Alexandre Kominek : L’argent et le sexe. Les Américains sont fiers et exposent librement leur réussite. Le public voue un respect aux artistes, il a tendance à vouloir devenir riche comme tel ou tel alors qu’en France le public va critiquer, voire s’offusquer de ceux qui rencontrent la gloire. Enfin, beaucoup d’humoristes américains (hommes et femmes) parlent de sexe sur scène et n’hésitent pas à être trash. C’est un sujet abordé librement. Il n’y a qu’à regarder les meilleurs specials sur Netflix pour voir que dans chacun d’entre eux on parle de sexe. En France, on est tout de suite catalogué de vulgaire. Il y’a aussi la façon de faire, les seuls humoristes français a le faire n’ont peut-être la même manière d’aborder ces sujets que les américains, mais je pense que le public français est beaucoup plus sensible que le public américain, il est plus dans la retenue.
Charles Nouveau : Aux États-Unis les humoristes sont souvent beaucoup plus dark que les Français dans les sujets amenés ou dénoncés, mais parallèlement ils sont aussi moins maladroits dans leur traitement (ou peut-être que je ne regarde/écoute pas assez de mauvais humoristes américains).
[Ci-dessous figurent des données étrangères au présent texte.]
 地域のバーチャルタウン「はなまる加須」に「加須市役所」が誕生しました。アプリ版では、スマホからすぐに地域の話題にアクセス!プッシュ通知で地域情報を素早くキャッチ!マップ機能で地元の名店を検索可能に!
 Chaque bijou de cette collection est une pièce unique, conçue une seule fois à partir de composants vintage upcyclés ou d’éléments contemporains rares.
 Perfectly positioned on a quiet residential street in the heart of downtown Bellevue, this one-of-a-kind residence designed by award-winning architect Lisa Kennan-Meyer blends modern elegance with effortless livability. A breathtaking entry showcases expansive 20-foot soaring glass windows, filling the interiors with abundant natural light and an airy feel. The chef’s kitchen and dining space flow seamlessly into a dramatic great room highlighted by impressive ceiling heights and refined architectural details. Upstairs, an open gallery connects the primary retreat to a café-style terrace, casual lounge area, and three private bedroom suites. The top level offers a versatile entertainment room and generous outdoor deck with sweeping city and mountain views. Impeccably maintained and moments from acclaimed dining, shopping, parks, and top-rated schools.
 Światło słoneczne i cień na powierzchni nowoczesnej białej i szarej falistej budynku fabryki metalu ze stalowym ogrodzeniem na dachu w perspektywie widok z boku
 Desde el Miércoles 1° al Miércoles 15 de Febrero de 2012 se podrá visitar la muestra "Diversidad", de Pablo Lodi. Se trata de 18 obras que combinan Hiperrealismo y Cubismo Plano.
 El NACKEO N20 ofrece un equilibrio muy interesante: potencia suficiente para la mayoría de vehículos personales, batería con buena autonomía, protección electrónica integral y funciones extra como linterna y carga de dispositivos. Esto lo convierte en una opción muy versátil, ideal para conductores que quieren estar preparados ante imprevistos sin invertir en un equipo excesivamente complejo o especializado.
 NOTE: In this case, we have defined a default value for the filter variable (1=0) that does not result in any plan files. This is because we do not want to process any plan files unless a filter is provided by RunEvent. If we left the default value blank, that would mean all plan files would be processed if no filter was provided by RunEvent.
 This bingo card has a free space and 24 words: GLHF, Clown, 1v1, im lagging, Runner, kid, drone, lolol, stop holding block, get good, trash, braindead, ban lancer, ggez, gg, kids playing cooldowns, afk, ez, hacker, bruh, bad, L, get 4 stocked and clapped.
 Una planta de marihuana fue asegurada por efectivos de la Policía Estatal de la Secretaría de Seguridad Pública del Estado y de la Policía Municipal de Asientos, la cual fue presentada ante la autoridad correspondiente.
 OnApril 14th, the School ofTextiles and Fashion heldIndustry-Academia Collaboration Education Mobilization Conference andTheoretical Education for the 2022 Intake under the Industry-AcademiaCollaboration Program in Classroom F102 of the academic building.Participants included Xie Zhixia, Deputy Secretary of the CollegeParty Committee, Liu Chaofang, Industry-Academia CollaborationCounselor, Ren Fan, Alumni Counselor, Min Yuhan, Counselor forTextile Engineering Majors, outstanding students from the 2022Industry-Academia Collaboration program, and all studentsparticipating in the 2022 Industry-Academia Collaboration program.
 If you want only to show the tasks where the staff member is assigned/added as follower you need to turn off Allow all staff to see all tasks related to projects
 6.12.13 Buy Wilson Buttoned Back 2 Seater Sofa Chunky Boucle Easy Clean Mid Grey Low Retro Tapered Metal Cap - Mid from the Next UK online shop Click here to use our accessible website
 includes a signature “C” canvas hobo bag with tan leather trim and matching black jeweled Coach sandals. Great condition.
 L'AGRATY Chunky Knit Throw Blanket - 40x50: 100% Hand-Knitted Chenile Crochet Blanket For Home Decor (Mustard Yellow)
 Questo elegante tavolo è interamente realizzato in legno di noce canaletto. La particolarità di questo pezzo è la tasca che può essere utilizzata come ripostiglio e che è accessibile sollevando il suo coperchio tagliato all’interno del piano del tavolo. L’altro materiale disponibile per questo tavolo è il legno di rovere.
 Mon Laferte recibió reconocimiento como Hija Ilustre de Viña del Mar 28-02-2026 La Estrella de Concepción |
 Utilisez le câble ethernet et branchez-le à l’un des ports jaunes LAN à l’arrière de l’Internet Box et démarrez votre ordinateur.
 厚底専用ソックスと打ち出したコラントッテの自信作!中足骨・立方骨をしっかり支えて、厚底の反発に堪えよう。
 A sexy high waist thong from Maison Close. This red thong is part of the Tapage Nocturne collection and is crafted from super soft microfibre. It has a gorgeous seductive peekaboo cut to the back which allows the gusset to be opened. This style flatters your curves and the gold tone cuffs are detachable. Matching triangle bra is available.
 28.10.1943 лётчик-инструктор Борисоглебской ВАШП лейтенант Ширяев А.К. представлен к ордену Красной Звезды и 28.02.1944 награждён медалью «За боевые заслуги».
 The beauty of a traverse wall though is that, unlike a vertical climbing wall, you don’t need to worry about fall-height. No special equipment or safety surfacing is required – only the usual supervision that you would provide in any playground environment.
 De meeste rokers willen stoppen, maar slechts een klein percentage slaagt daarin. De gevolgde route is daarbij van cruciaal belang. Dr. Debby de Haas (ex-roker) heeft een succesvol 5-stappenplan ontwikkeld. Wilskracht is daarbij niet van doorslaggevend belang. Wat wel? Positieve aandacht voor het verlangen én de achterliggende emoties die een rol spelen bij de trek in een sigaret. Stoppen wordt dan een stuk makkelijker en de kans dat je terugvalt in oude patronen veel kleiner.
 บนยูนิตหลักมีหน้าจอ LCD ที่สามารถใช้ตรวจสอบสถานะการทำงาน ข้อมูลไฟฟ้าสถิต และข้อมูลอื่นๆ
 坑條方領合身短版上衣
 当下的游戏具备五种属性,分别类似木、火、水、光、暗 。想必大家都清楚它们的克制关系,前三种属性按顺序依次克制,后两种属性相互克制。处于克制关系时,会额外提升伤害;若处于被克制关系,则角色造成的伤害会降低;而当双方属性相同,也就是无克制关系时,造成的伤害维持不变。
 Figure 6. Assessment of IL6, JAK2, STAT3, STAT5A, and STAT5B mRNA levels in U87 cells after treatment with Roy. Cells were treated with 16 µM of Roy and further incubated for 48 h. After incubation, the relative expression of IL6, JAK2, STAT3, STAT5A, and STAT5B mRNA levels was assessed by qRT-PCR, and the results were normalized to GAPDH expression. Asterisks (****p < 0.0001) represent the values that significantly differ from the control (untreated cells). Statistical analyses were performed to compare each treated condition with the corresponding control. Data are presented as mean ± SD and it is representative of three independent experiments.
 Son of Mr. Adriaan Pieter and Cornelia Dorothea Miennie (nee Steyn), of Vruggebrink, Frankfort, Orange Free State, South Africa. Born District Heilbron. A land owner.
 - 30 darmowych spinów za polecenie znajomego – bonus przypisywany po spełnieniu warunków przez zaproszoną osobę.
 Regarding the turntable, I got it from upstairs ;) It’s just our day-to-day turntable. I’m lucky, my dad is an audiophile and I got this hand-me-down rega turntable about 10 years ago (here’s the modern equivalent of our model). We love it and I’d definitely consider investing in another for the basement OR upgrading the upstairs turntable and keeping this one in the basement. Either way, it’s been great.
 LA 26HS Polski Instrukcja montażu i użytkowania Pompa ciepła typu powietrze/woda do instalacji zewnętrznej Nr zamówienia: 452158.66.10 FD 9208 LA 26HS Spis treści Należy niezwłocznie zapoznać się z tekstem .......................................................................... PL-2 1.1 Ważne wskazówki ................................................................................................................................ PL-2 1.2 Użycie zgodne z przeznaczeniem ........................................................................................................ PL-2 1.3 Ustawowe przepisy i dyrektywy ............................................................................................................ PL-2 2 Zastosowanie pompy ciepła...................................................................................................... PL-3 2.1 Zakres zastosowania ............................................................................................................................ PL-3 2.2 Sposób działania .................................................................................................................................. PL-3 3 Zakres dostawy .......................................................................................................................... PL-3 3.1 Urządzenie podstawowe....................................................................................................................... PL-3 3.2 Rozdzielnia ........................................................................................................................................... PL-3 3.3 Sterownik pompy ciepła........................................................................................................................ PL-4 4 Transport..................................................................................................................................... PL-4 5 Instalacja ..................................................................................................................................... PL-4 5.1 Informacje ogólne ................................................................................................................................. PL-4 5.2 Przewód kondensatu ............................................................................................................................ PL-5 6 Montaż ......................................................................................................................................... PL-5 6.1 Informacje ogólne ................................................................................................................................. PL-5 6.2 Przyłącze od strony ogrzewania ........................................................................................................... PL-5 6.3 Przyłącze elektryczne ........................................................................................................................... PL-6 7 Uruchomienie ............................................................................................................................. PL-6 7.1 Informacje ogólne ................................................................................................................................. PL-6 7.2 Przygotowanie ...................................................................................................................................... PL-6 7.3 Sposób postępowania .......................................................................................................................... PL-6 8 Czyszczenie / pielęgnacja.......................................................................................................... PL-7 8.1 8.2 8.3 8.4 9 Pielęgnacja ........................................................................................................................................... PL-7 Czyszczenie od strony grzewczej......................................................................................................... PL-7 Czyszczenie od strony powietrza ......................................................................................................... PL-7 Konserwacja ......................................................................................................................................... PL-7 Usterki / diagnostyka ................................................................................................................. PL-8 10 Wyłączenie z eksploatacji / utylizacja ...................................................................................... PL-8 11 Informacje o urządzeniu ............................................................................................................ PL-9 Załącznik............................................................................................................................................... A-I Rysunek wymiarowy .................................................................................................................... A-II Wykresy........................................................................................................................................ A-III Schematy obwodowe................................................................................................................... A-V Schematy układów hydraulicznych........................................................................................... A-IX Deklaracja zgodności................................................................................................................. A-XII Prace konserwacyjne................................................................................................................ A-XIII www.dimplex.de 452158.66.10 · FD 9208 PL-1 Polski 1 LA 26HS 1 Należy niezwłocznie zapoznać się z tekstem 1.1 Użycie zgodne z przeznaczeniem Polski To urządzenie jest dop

En France, on entend encore beaucoup de blagues purement racistes, sexistes et surtout homophobes. Les humoristes américains sont en train de sortir de la transphobie, alors que nos humoristes n’ont pas encore eu le temps de rentrer dedans…
Phyllis Wang : Pour ma part, les femmes sont encore victimes d’une certaine misogynie dans le milieu, à la fois en France et aux États-Unis. Bien que les femmes puissent aujourd’hui dire ce qu’elles veulent sur scène, la réception de cet humour n’est pas la même lorsqu’un homme prononce les mêmes mots. La société occidentale a beau se draper dans un état d’esprit de progressisme, j’ai vu de mes propres yeux des êtres humains adhérer de manière basique et tribale à des codes de pouvoir définis comme mâles. Le climat politique actuel nous donne encore plus ce sentiment.